Slivers - speaking rapid Navajo and English between the old woman and Salsbury - convinced the grandma to bring the baby back to the hospital.
But by the end of the first year, the stress between the two cultures was showing in Slivers.
Salsbury noted Adele had a "stubborn streak," along with a "quick" temperament.
But he knew she was an excellent nurse. The following year, in October of 1935, Salsbury put Slivers in charge of the operating room.
Yet Slivers was still having run-ins with the staff. She didn't answer her supervisor's questions. The long hours and over-worked weekends were taking their toll.
Salsbury - once again - cited her quick temperament.
"Adele was that type," said her niece, Caroline Holmes. "Once she put her foot down, she meant it."
Another year later, in 1936, Salsbury described her temperament with one other word: "Navajo."
To the military
After five years at Sage Memorial Hospital, the place that taught her modern medicine, Miss Adele Slivers, R.N., was ready to leave.
By the summer of 1940, Slivers had taken a higher-paying job at a government hospital. She didn't bother to pick up her final paycheck from Sage Memorial.
But, after she went on to a distinguished tour of duty as a 2nd Lieutenant in the Army Nurse Corps in the Pacific theater of World War II and a successful career as a nurse, the bridge she had helped to create in Ganado - between the old ways and the new ways, the Navajo ways and the Anglo ways - remained.
And when she returned to Sage Memorial for treatment almost seven decades later, she was tended by Navajo nurses and EMTs in her final hours.

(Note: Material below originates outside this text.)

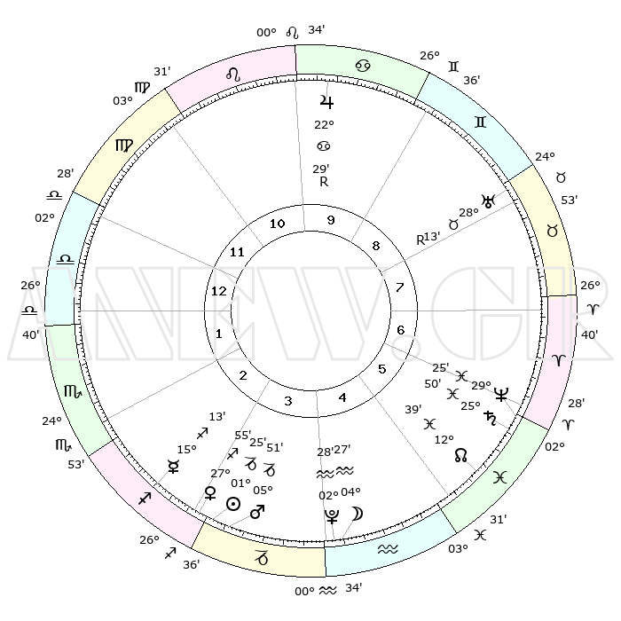 | | ΘΕΣΕΙΣ ΠΛΑΝΗΤΩΝ ΑΣΤΡΟΛΟΓΙΚΟΥ ΧΑΡΤΗ ΤΗΣ ΣΤΙΓΜΗΣ ΑΥΤΗΣ | | | | Πλανήτης | Ζώδιο | Μοίρες | Δεκαήμ. | Σε οίκο | Απόκλιση | | Ακμές των οίκων | | Ηλιος | Αιγόκερως | 01°20' | Πρώτο | 3 | 23 S 26 | | 1ος | 02°49' | Ζυγός | | Σελήνη | Υδροχόος | 03°27' | Πρώτο | 4 | 22 S 24 | | 2ος | 29°36' | Ζυγός | | Ερμής | Τοξότης | 15°06' | Δεύτερο | 3 | 22 S 05 | | 3ος | 00°08' | Τοξότης | | Αφροδίτη | Τοξότης | 27°49' | Τρίτο | 3 | 23 S 34 | | 4ος | 03°09' | Αιγόκερως | | Αρης | Αιγόκερως | 05°47' | Πρώτο | 4 | 24 S 08 | | 5ος | 06°07' | Υδροχόος | | Δίας | Καρκίνος | 22°29'R | Τρίτο | 10 | 21 N 46 | | 6ος | 06°26' | Ιχθείς | | Κρόνος | Ιχθείς | 25°49' | Τρίτο | 6 | 03 S 46 | | 7ος | 02°49' | Κριός | | Ουρανός | Ταύρος | 28°13'R | Τρίτο | 8 | 19 N 34 | | 8ος | 29°36' | Κριός | | Ποσειδώνας | Ιχθείς | 29°25' | Τρίτο | 6 | 01 S 28 | | 9ος | 00°08' | Δίδυμοι | | Πλούτωνας | Υδροχόος | 02°27' | Πρώτο | 4 | 23 S 17 | | 10ος | 03°09' | Καρκίνος | | Β. Δεσμός | Ιχθείς | 12°39' | Δεύτερο | 6 | 06 S 49 | | 11ος | 06°07' | Λέων | | Ωροσκόπος | Ζυγός | 02°49' | Πρώτο | | | 12ος | 06°26' | Παρθένος | | Μεσουράνημα | Καρκίνος | 03°09' | Πρώτο | | | |
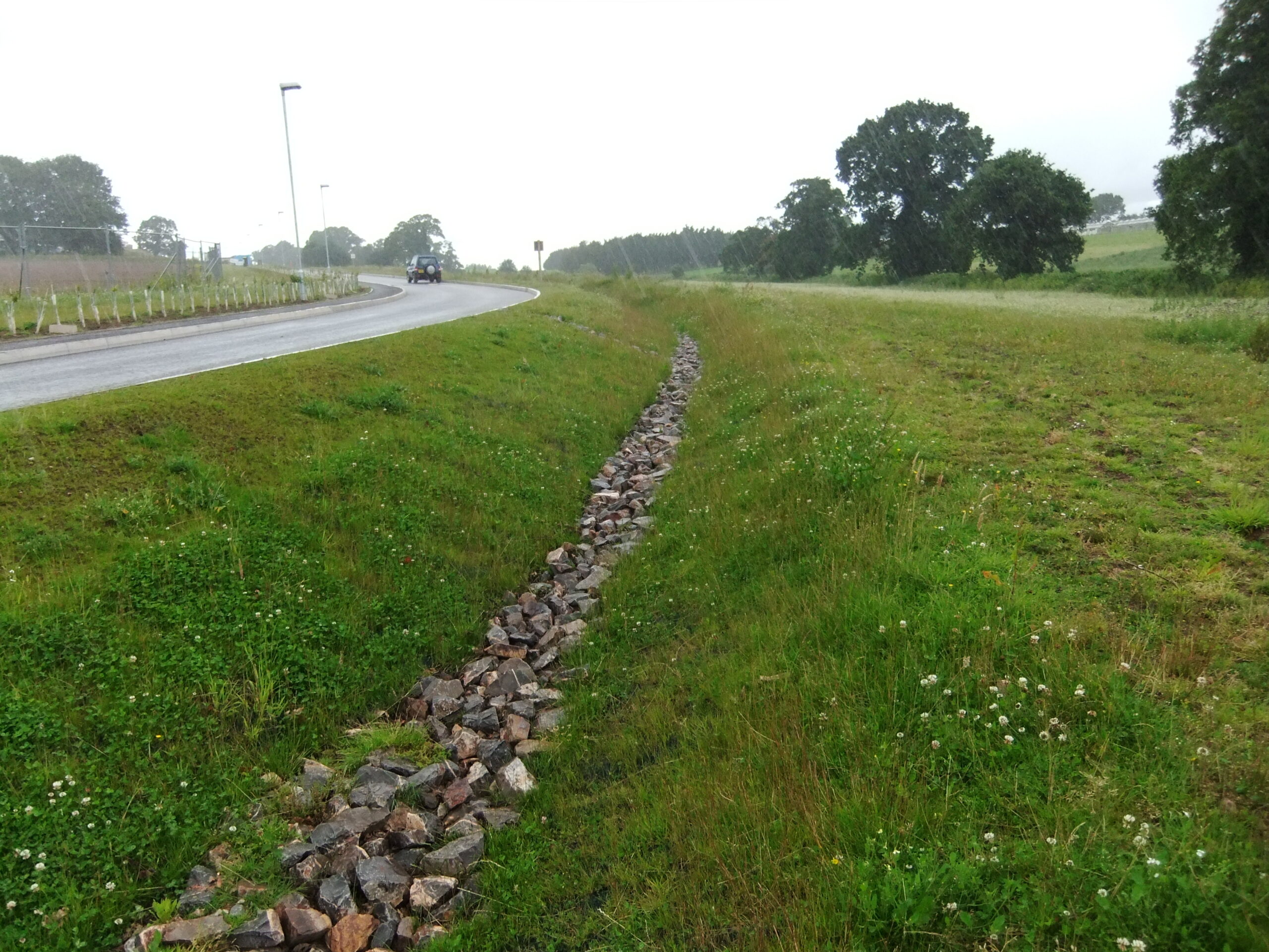Swales are broad, shallow, linear vegetated channels which can store or convey surface water (reducing runoff rates and volumes) and remove pollutants. They can be used as conveyance features to pass the runoff to the next stage of the SuDS (Sustainable Urban Drainage System) treatment train and can be designed to promote infiltration where soil and groundwater conditions allow. Swales are applicable to a wide range of situations. They are typically located next to roads, where they replace conventional gullies and drainage pipe systems. Other examples can be located in landscaped areas, adjacent to car parks, alongside fields, and in other open spaces.

Holmes and her family wrapped her in a traditional shawl and placed a small gold cross around her neck. They buried her in a modest ceremony at the family sheep camp.
After the funeral, Holmes remembered what her shádí had said to her just a few weeks before.
"Sister, when I go, don't cry," Slivers said. "I did everything. I went all over the world. I've seen everything. I've lived my life."
Kristofic is an oral historian studying the impacts of Ganado Mission on the Navajo Nation.